New CancerCare facility will be world class: health minister

The province is building a new CancerCare Manitoba site that government leaders say will attract 'world-class' physicians and researchers to Winnipeg.
'In many respects, our province is doing its absolute best to deliver yesterday's care because we don't have the space to welcome the future,' Health Minister Uzoma Asagwara told a news conference at the health-care agency's headquarters at 675 McDermot Ave. on Monday.
'This facility will change that.'
Health Minister Uzoma Asagwara (Mikaela MacKenzie /Winnipeg Free Press files)

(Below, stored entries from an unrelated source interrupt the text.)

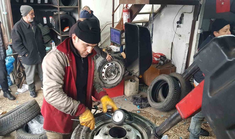 Oto lastik ustası Lütfi Uysal, kar yağışının geçen yıla göre erken gerçekleştiğini ve sürücülerin hazırlıksız yakalandığını belirterek, araç sahiplerinin bir an önce kış lastiklerini taktırmaları gerektiğini söyledi.
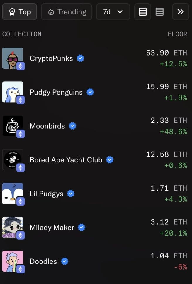 Pozostałe NFT blue chip na ETH również wzrosły w ciągu tygodnia, cena minimalna Moonbirds przekroczyła 2 ETH, wzrastając o prawie 50%, a cena minimalna Milady Maker przekroczyła 3 ETH, wzrastając o ponad 20%.
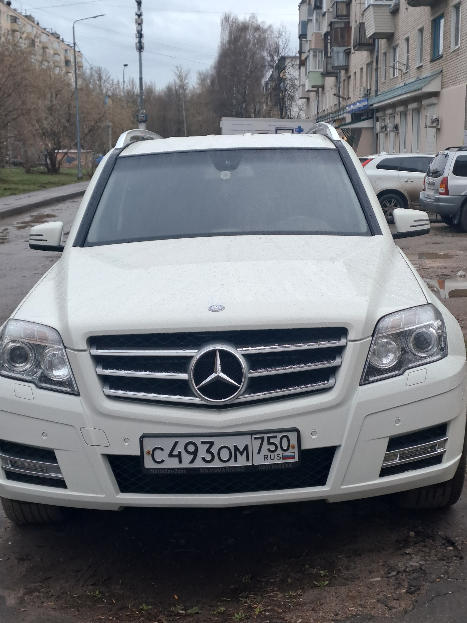 A white Mercedes-Benz SUV is parked outdoors on a street with rain drops visible on its surface. The front of the vehicle is facing the viewer, prominently displaying the grill with the Mercedes-Benz…read more
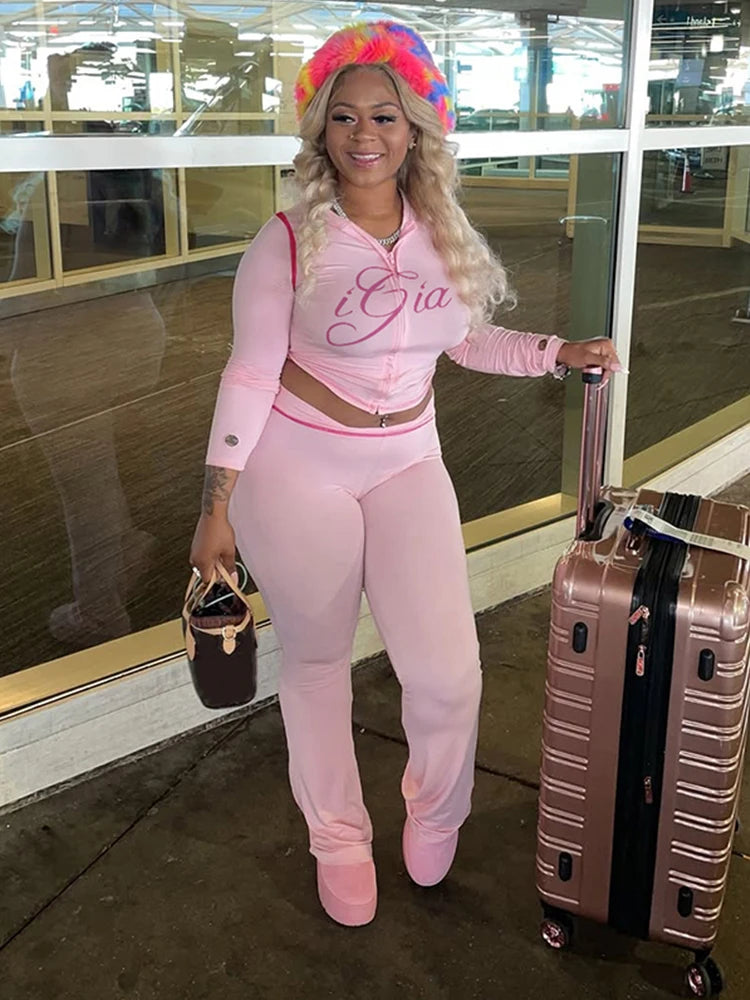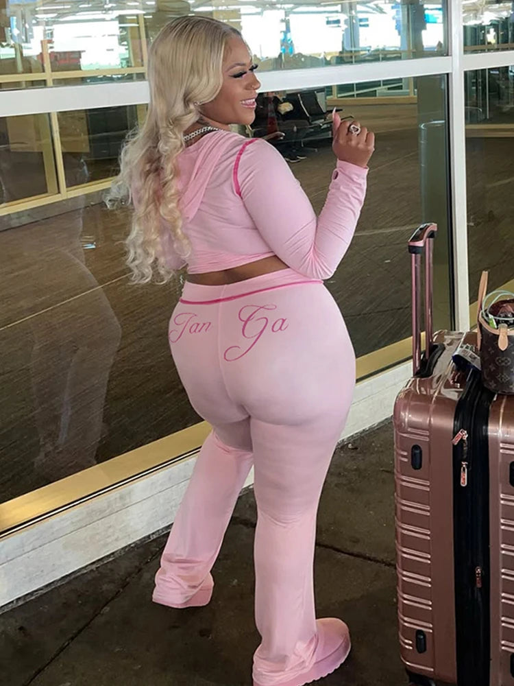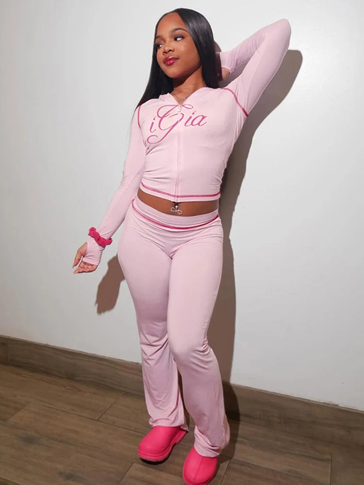 Casual Autumn Trend 2 Piece Set Woman Letter Print Full Sleeve Hooded Zip Jacket+Straight Trousers Street Fashion Outfits

The preliminary estimate for the project is $815 million and it's anticipated to take about four years to build.
Asagwara was flanked by Premier Wab Kinew and Dr. Dhali Dhaliwal, past president and chief executive officer of CancerCare Manitoba, among others, to make the announcement.
The NDP promised to expand treatment for cancer services at Health Sciences Centre during the 2023 election campaign; Dhaliwal endorsed that pledge on the campaign trail.
In 2017, citing budget constraints, the former Progressive Conservative government scrapped a 300,000-square-foot expansion to CancerCare Manitoba. The project was estimated to cost around $300 million at the time.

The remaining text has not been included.